Yes, my Indian Name is "Makes Friends with Animals". That's also my Mutant Power.

And now I can see that this post has begun to follow the example of my Action Plan and meander off in no particular direction. OK. yes, I'm getting something done. But is it Art?

-- Freder

2 comments:

  1. "...your life is essentially empty." That's true enough as far as it goes, but every time you say this, you never carry through the thought. After devoting years to caring for your Mom while living in an isolated rural setting, her passing _has_ left your life considerably emptier than it was before. Now, without a job to hate, that negative experience has been replaced by more emptiness.

    But the inevitable next thought after "...[my] life is essentially empty" is "AND HERE'S WHAT I'M GONNA TRY IN ORDER TO START FILLING IT UP AGAIN."

    _That's_ the part you've shown close to zero inclination to addressing. And _that's_ the part you're now in perfect position to begin to address. The world won't come to you; you need to engage with the world.

    There have to be all sorts of organizations in your area that would accept volunteer help, even for a handful of hours a week. There are job centers and such that could put you in touch with free training resources; you could take a class once or twice a week. And if your below-tapeworm self-esteem won't let you re-engage with strangers quite yet (though eventually you have no choice -- you can't hide at home with the cats forever), you have a batch of friends who deeply care about you, all of whom would be glad to see you knock at their door or would break bread with you in their hometowns (and in some cases, that town is the same as yours; where they ain't, well, it's been proven there's a cat care-&-feeding network who can sustain their well being if you took an overnight trip).

    When we were at the hospital that last time, on Sunday, July 1st, you told me you want to get off the cycle depression/booze/hospital merry-go-round. I believed that was true then, and I still believe it. But I also believe the only way that cycle can be fully broken is for you to find something to care about again, and the only way to do that is to get involved in _something_ that doesn't involve TV/computer/iPad screens, but requires real hands-on activity.

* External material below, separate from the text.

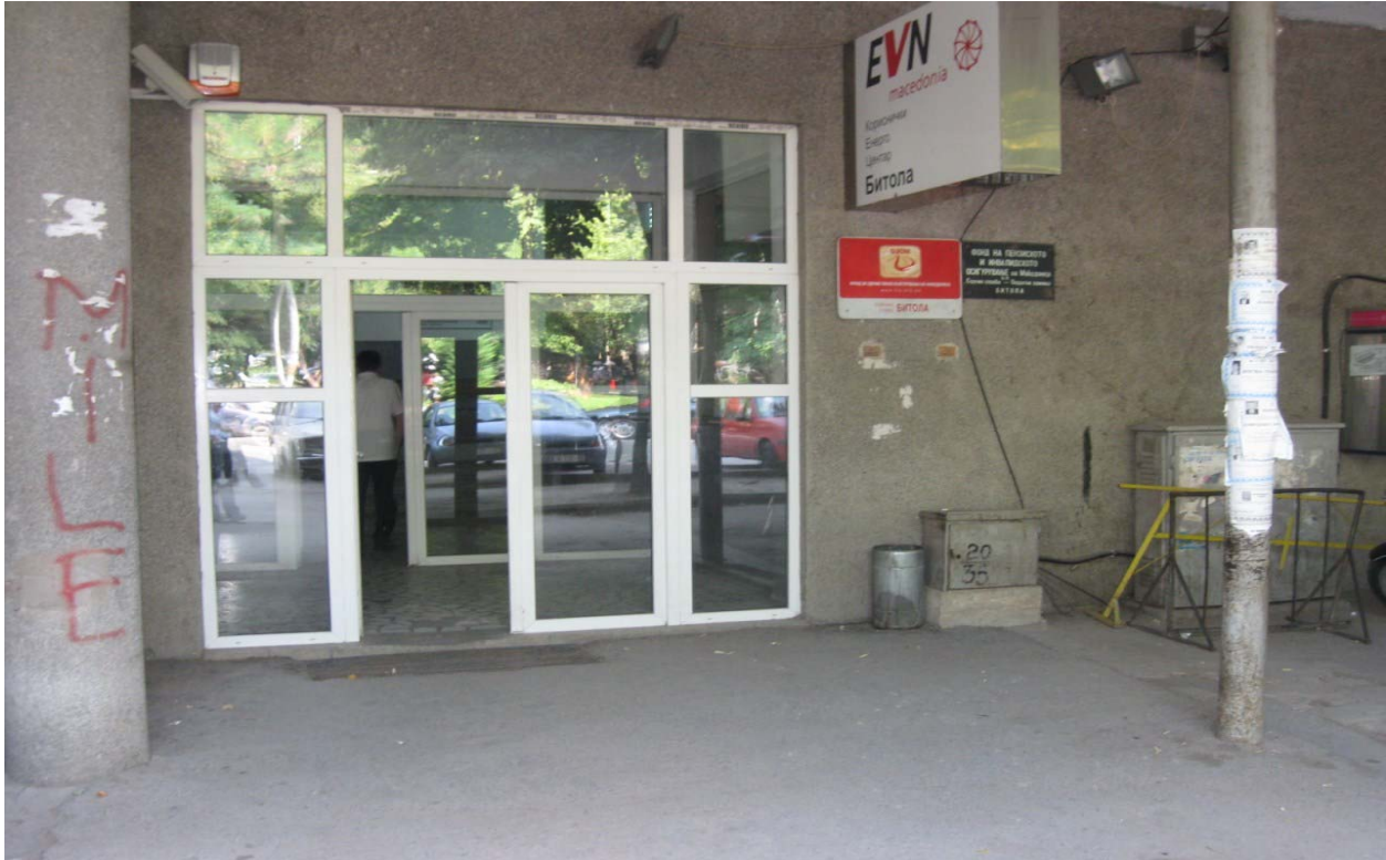
Pension, disability and health insurance (the entrance of the building is on ground floor) – Bitola

    You told me last Saturday, "You don't understand ... how very much I do NOT want to leave the [Outpatient] group." You didn't examine the reasons WHY you did not want to leave (and I'm very happy for you that you _didn't_ leave, as you know) -- one of those reasons is clearly that you are getting _ongoing, positive human contact_ within that context.

    There are all sorts of other contexts through which you can get ongoing, positive human contact. When you accept that and begin exploring which context are the right ones for you, then and only then will you be able to fully step off the merry-go-round and enjoy the kind of life you so richly deserve.

    You know I said all this because I love you, and while you may quibble about some of the nuances of this message, you know the core of what I'm saying here is true. (And if you doubt that, bring this whole message to an Outpatient session and discuss it within the group; I'd be interested to know what they say ...)

    ReplyDelete
  2. Do you really see what you think you see?